Denise Danks was one of the ‘Fresh Blood’ generation – a loose association of young British crime writers – who came to prominence in the years 1988-89, which included Ian Rankin, Michael Dibdin, Mike Phillips, Russell James and Philip Kerr. Although this new wave of authors set their thrillers in very different times and places, they were all clearly influenced by the American tradition of crime writing rather than the classic English ‘whodunit?’ school.

With her first novel The Pizza House Crash in 1989, Denise not only staked a claim to be one of the few female crime writers to work in the hardboiled ‘noir’ tradition, but possibly the very first crime writer to recognise in fiction the computer and Information Technology revolution currently underway in real life.

The daughter of an English (RAF) father and a Greek mother, who had moved to Cornwall from Singapore when she was eleven, Denise graduated from St Luke’s College, Exeter as an English and Drama teacher but chose journalism rather than education, joining The West Briton as a trainee reporter in Truro.

In the early days of the microcomputer industry, she began to specialise in writing about information technology, computers and the computer industry for technical publications, women’s magazines and national newspapers. Moving to London she founded the first information technology syndicated news agency in 1984 and was editorial director of the first I.T. ‘bible’ Computerwire. In 1988 she won the LBC radio station’s ‘Conversationalist of the Year’ Award.

When she moulded her experience of computers and modern technology into her fiction, she produced something totally new in British crime-writing and in the creation of Georgina Powers, her fiercely independent streetwise heroine, she set a template for tough computer-savvy female characters long before the cult of girls with dragon tattoos.

Both Danks and Powers quickly got themselves noticed. ‘Danks is the queen of techno-crime….’ (Literary Review), ‘Denise Danks makes other high-tech thrillers seem like The Sound of Music…’ (Mail on Sunday), ‘Danks is a master of techno-hardboil…’ (Yorkshire Post), ‘Denise Danks has cornered the market in the crime of tomorrow’s wizard technology…’ (The Times), ‘Denise Danks can write like an angel – perhaps a fallen angel…’ (Birmingham Post), ‘Georgina Powers – sexy, amoral and all too often hungover – a figure who would undoubtedly get three stars in the Michelin guide to crime novel heroines…’ (Evening Standard), ‘This heroine ain’t no Miss Marple …’ (Daily Telegraph).

In 1994 she became the first (and only) female winner of the Raymond Chandler Fulbright Award for most promising young writer of crime fiction.

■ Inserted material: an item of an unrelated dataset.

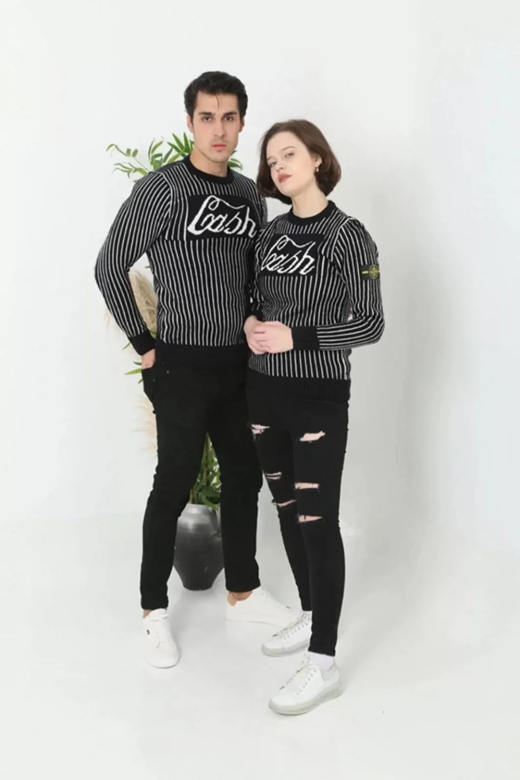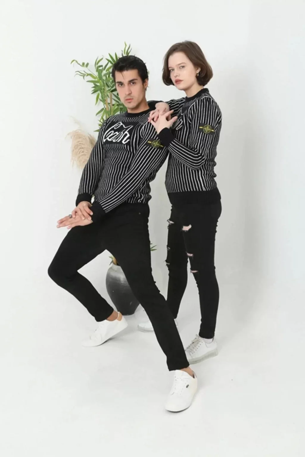 Erkek Bisiklet Yaka Yün Örmeli Triko Kazak - Siyah

The scholarship included a six-month attachment to the prestigious film school at the University of California, Los Angeles.  Her work has been shortlisted (twice) for the Crime Writers’ Association’s Gold Dagger and also for the CWA’s Short Story Award.

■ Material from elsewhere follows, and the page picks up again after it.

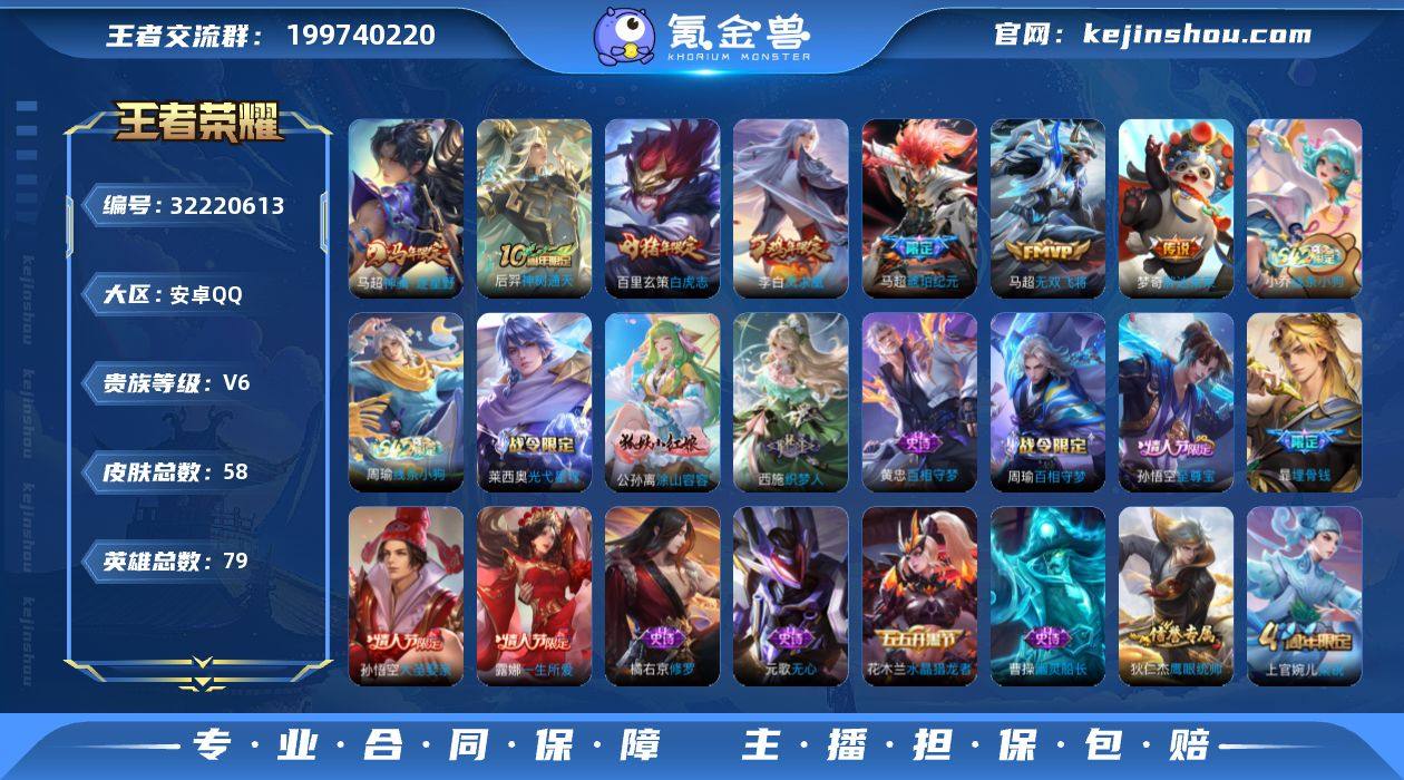 贵族等级:V6 典藏皮肤数:0 珍品无双皮肤数:0 无双皮肤数:0 珍品传说皮肤数:0 传说皮肤数:7 史诗皮肤数:23 皮肤数:58 英雄数:79 段位:荣耀王者 卖家说:王者转瓦 不怎么打王者了 除皮肤外每个赛季都上了50+ 星元币4000 荣耀夺宝180 李白省标和马超9000分

In 1997 she was invited to contribute an extract from a forthcoming Georgina Powers novel (Phreak) about phone-hacking to the first of the three legendary Fresh Blood anthologies which highlighted the ‘new wave’ of British crime writing, alongside the likes of Ian Rankin, John Harvey, Stella Duffy, Christopher Brookmyre,  Denise Mina and Lee Child, and in 2001, she received a Sherlock Award for Best Fictional Detective from actor Ian Richardson at the Crime Scene convention held at the National Film Theatre.

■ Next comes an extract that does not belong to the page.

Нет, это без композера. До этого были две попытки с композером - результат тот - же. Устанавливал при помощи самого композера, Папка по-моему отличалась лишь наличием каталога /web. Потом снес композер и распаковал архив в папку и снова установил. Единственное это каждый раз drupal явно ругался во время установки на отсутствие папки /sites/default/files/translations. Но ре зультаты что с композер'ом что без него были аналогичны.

Throughout the 1990s she was a regular speaker at crime writing conventions, festivals and public libraries across the country; and in 1999 appeared as a ‘mystery guest’ at Dead on Deansgate in Manchester during the quiz show I’m Sorry I Haven’t A Cluedo during the ‘Feel the Crime Writer’ round where blindfolded competitors Nicholas Blincoe (left) and Ian Rankin had to identify a famous crime writer by touch alone!

Denise always claimed that the inspiration for Georgina Powers came from the tomboy character George in Enid Blyton’s Famous Five stories. However, Denise went somewhat further than one thinks Enid Blyton would have done. The Danks version of a grown-up Georgina was, she admits: “(A) cynical freelance computer journalist, stubborn as a mule, tough, vulnerable, smart, dumb, divorced, smoker, drinker, an East End flat, West End habits, no pets and a penchant for hanging out and having sex with some very bad guys.”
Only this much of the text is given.